5. By clause (ii) of the order the respondent was required to reside within the municipal limits of Jhabua town after proceeding to that place on receipt of the order. Under clause (b) of section 3(1) the State is authorised to order a person to reside in the place where he is ordinarily residing and also to require him to go to any other area or place within the State and stay in that area or place. If the person so ordered fails to carry out the direction, he may be removed to the area or place designated any may also be punished with imprisonment for a term which may extend to one year, or with fine, or with both. The Act it may be noticed does not give any opportunity to the person concerned of being heard before the place where he is to reside or remain in is selected. The place selected may be one in which the person concerned may have no residential accommodation, and no means of subsistence. It may not be possible for the person concerned to honestly secure the means of subsistence in the place selected. Sub-section 3(1)(b) of the Act does not indicate the extent of the place or the area, its distance from the residence of the person externed and whether it may be habitated or inhabitated : the clause also no where provides that the person directed to be removed shall be provided with residence, maintenance or means of livelihood in the place selected. In the circumstances we agree with the High Court that clause (b) authorised the imposition of unreasonable restrictions insofar as it required any person to reside or remain in such place or within such area in Madhya Pradesh as may be specified in the order.
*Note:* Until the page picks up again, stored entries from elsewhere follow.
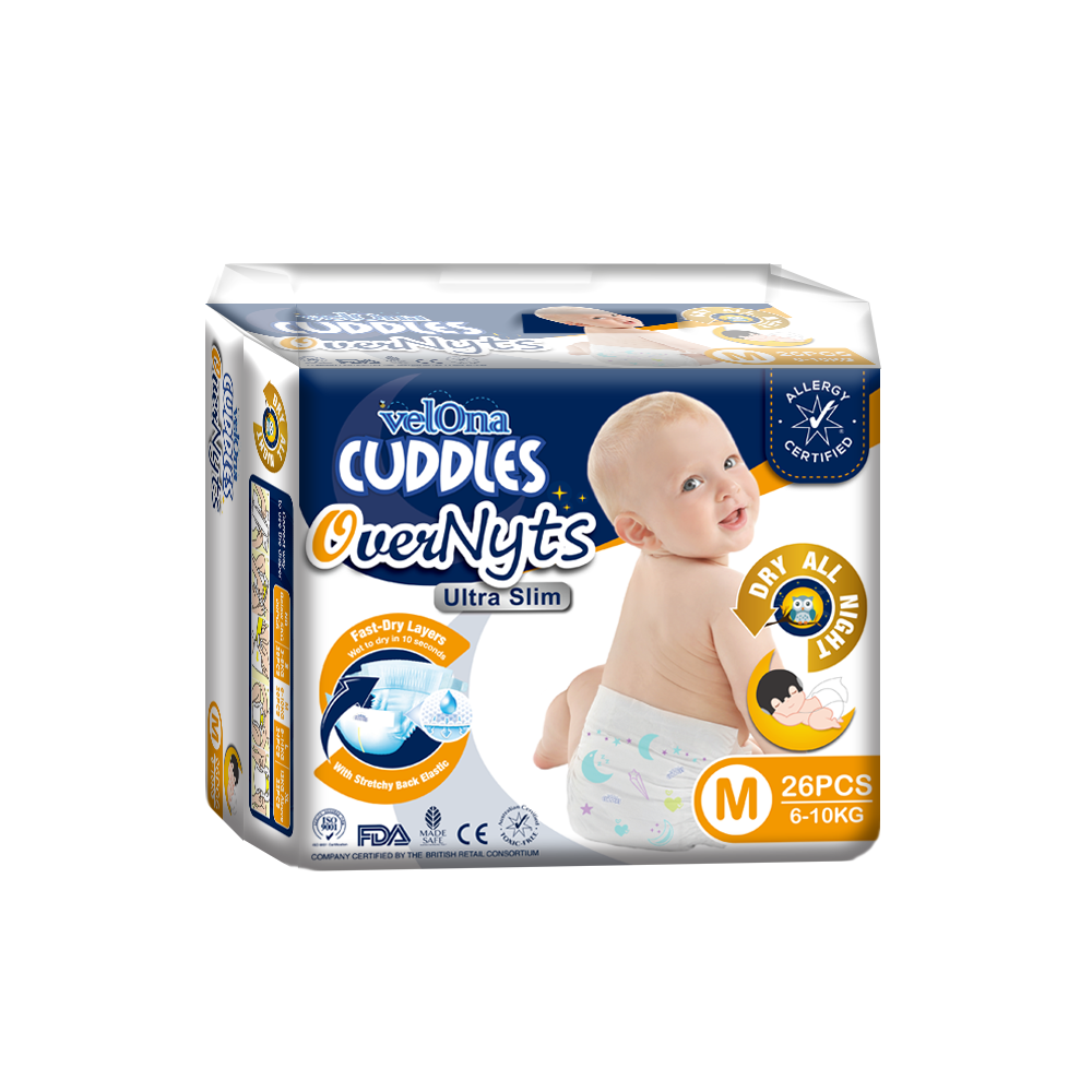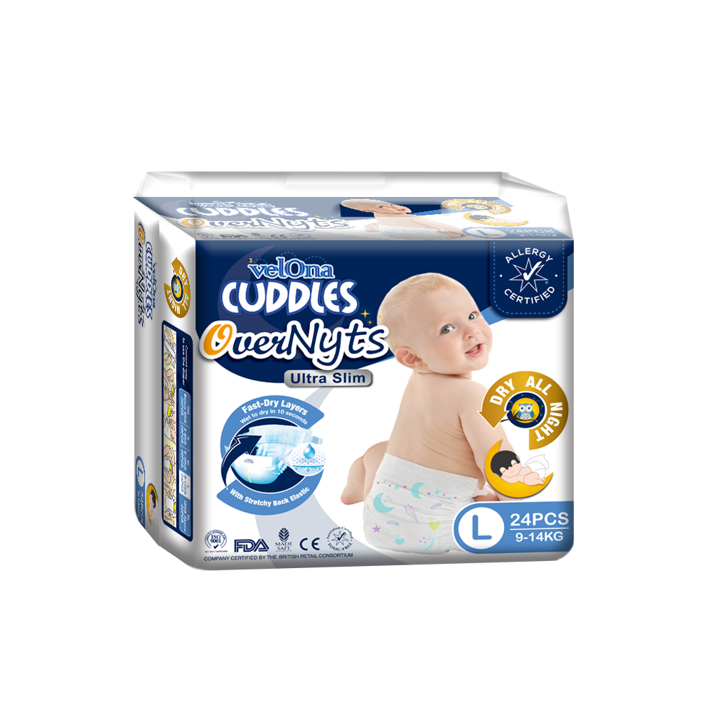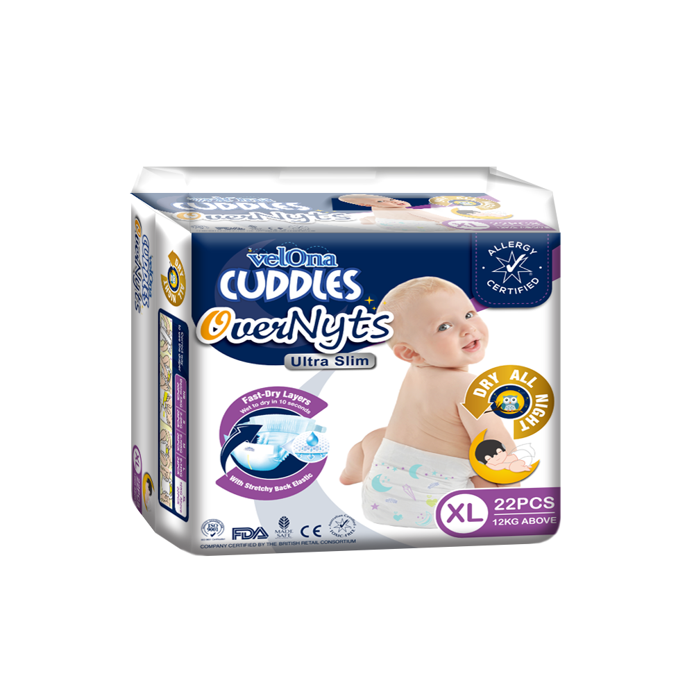 The Velona Cuddles Ultra Slim Overnyts Diaper offers Superior absorbency with upto 12 hours of protection, making it the perfect choice for protection through the night.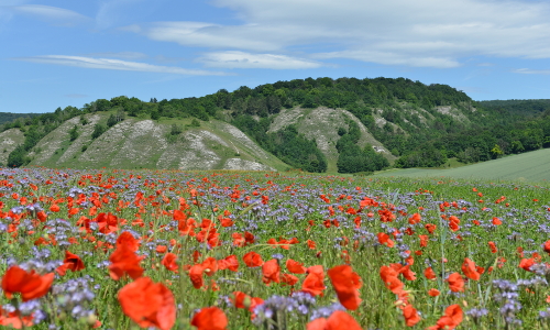 Im Frühling leuchten die Adonisröschen und Kuhschellen von den sonnenbeschienenen Gipshängen am Weg, im Frühsommer duftet das Meer der Obstblühten in der Nähe des Kyffhäuser Denkmals und am Schlachtberg in Bad Frankenhausen, im Sommer erfrischt der Schatten der uralten Baumriesen im Bendeleber Park und im Herbst ist es der Ruf der Kraniche, die das Naturerlebnis „Kyffhäuserweg“ unvergessen machen.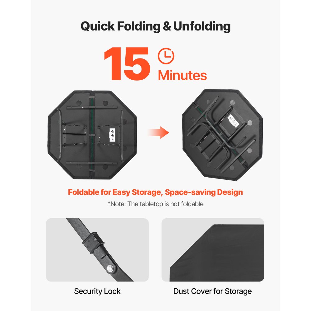 Mesa de póker plegable y espaciosa: Nuestra mesa de póker plegable octogonal de 1220 mm tiene capacidad para 8 jugadores, ofreciendo amplio espacio para cada uno. Ideal para blackjack, Texas Hold'em y otros juegos de cartas, ofrece una experiencia de juego al estilo Las Vegas en tu hogar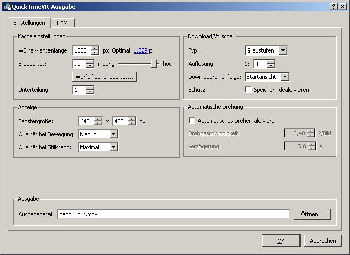 Unter Anzeige-Einstellungen oben bei Blickfeld Wert eingeben, mit setzen bestätigen, OK, QuicktimeVR Ausgabe, bei Würfelkantenlänge wird der Wert Optimal angezeigt.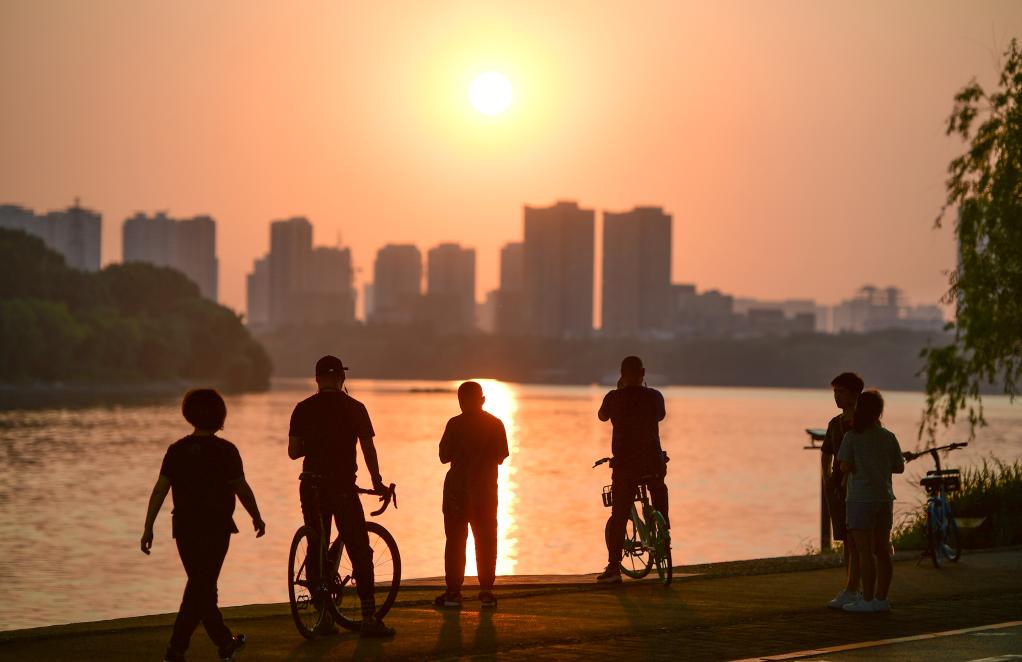 騎行的市民在渾河岸邊駐足欣賞夕陽。新華社記者 蔡湘鑫 攝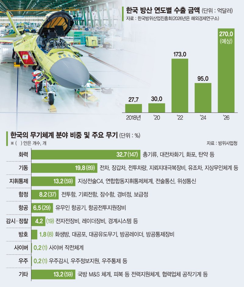 한국의 방산 수출액은 3년 전 우크라이나 전쟁 발발 시기에 급격히 상승했다. 문재인 정부에서 윤석열 정부로 정권이양 과도기였던 지난 2022년에 사상 최대 수출을 기록했다. 당시 러시아·우크라이나 전쟁 특수 효과였다. 폴란드에 K2·K9·FA-50 20조원 수출 성과 덕분에 나토 지역에 방산 수출은 미국에 이어 2위를 차지할 정도 큰 성과를 냈다. 하지만 윤석열 정부 첫해에 정점을 찍었던 방산 수출은 꾸준한 하락세를 보였다. 이재명 정부는 방산 수출 하락세를 줄이고 반등을 목표로 하고 있다. 중동 등지로 방산 수출 다변화를 통해 사상 최대 방산 수출을 목표로 하고 있다.

6. Counsel for the State did not challenge the view that the restrictions which may be imposed under clause (b) of section 3(1) requiring a person to leave his hearth, home and place of business and live and remain in another place wholly unfamiliar to him may operate seriously to his prejudice, and may on that account be unreasonable. But he contended that normally in exercise of the power under clause (b) a person would be ordered to remain in the town or village where he resides and there is nothing unreasonable in the order of the State restricting the movements of a person to the town or place where he is ordinarily residing. It is true that under clause (b) an order requiring a person to reside or remain in a place where he is ordinarily residing may be passed. But in exercise of the power it is also open to the State to direct a person to leave the place of his ordinary residence and to go to another place selected by the authorities and to reside and remain in that place. Since the clause is not severable, it must be struck down in its entirety as unreasonable. If it is intended to restrict the movements of a person and to maintain supervision over him, orders may appropriately be made under cls. (c) and (d) of section 3(1) of the Act.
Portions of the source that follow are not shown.